Science needs to diversify and take more risks to achieve its maximum potential, researchers argue.
By Nathan Collins
A scientist examining cells in a 96-well plate. (Photo: Dan Kitwood/Getty Images/Cancer Research UK)
In an era awash in data, scientists have begun to analyze something they’ve never really looked at before: science itself. Abstract though that may sound, the science of science could have an oddly practical application, at least in theory—namely, providing funding agencies like the National Science Foundation with a better idea of which research proposals will work and which won’t. That objective takes on special significance, what with the future of science in the United States decidedly uncertain—but it probably won’t work, a new essay argues. Indeed, insisting otherwise could hinder the progress of scientific research.
“If we want to make science more productive for society … then we should be using science itself to see how to achieve that goal,” says Aaron Clauset. Unfortunately, he and co-authors Daniel Larremore and Roberta Sinatra argue, our hopes for predicting the future of science do not necessarily match our abilities.
“Science is very unpredictable,” Clauset says, at least in some respects.
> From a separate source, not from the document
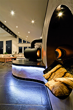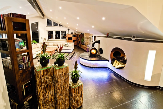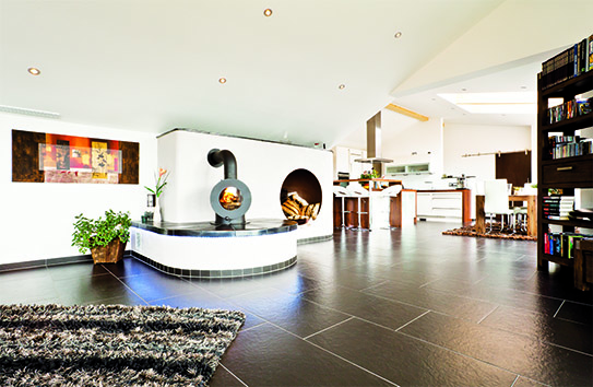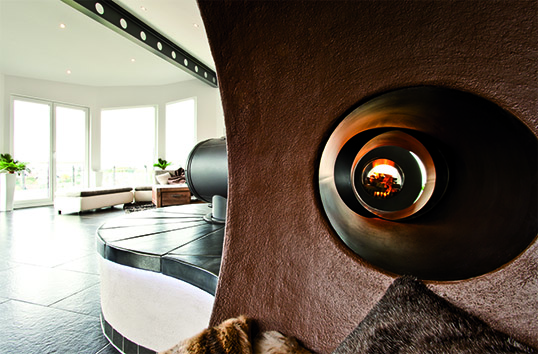 Das Ziel hatten Anton Nothofer und Alexandra Grabler schon beim ersten Treffen mit Ofenbauer Andreas Zapfe definiert: Am warmen Ofen sitzen und in das Feuer blicken, egal wo man sich auch gerade befindet. Das Flammenspiel musste sich außerdem zu einem Highlight der Penthousewohnung drehen lassen: einem runden Kuschelnest ausgelegt mit bequemen Kissen und Decken. Ein echter Wohlfühlplatz im ansonsten hektischen Alltag der beiden. Nichts anderes sollte es sein. Allerdings war der Grundriss des gewählten Ofens für die Wohnsituation und die Wünsche der beiden eher ungeeignet. Das Kuschelnest durch eine konkave Rundung der Anlage herauszudrehen um dann so ins Feuer blicken zu können, hätte den Hauptkorpus in dem alles untergebracht war unnötig vertieft und das ansonsten offene Wohnambiente zu stark beeinträchtigt.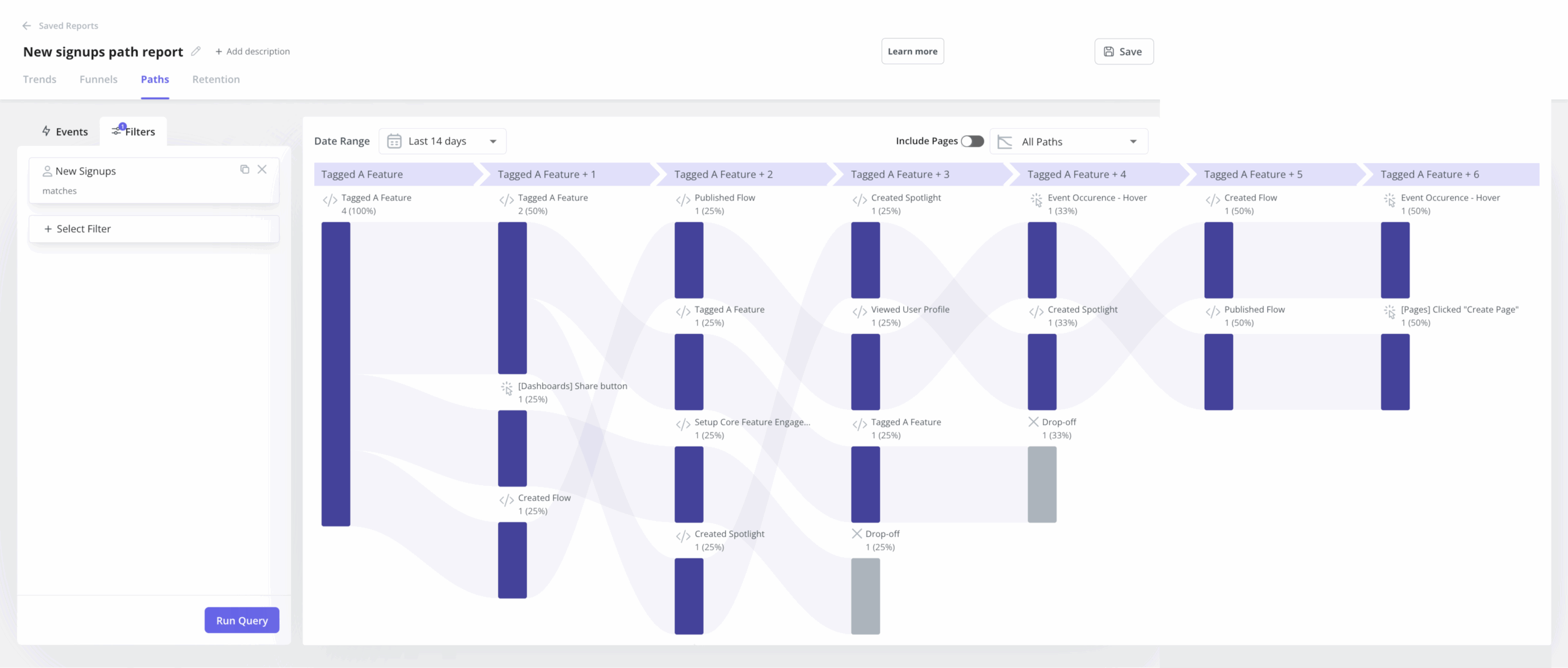 • Native analytics: You don’t need a separate subscription for product analytics because we offer trends, funnels, and path analysis natively. This allows you to correlate flow engagement directly with feature adoption without complex data piping.

The distribution of citations, for example, turns out to be quite predictable: It’s a power law, meaning only a handful of papers get cited thousands (or even hundreds of thousands) of times, while the vast majority are cited only a few times, if at all. To be blunt: Most published research has little to no influence on the future of science.
Another predictable—maybe deceptively predictable—feature of science: “Chances are, your best-cited paper happens early in your career,” Clauset says. The usual (but rarely tested explanation) is that young people are just smarter, but that’s wrong; really, they just publish more than older researchers. While that means more researchers will hit upon their most influential ideas when they’re young, some won’t do so until later in their careers, and there’s no way to know who’s the next wunderkind or even which scientific endeavor will pan out.
“Chances are, your best-cited paper happens early in your career.”
Not that there aren’t people trying to sort it out. With the explosion of data on scientific research, there are those who try to predict which projects will prove successful. There’s even a service now that aims to predict a study’s importance before it’s published — with the idea that reviewers could incorporate that knowledge into their reviews.
But a service like that could be dangerous, Clauset says. Such predictions are based on what a scientist has done in the past, especially the recent past, meaning that whether a paper gets published or whom the National Science Foundation decides to fund depends in part on whether a researcher has already publishedsomething influential. The assumption underlying those choices, however, is that people who’ve already done influential work will continue to do so—and that flies in the face of what we actually know about scientific progress.
Worse, algorithms of that sort could create feedback loops that hurt young scientists, researchers from underrepresented groups, and those with high-risk but potentially high-reward ideas. In fact, there’s already been a trend toward funding lower-risk projects, which Clauset likens to an overly safe investment portfolio, and, just as in investments, the better alternative is to diversify: Weed out the proposals that don’t meet certain basic requirements, then pick at random which of the rest to fund.
“If we accept the fact that science is inherently unpredictable, it will open up room for individuals to be different from each other,” Clauset says. “If we buy into this, it suggests an entirely different approach to funding science”—one that might be better not just for scientists, but for all of us.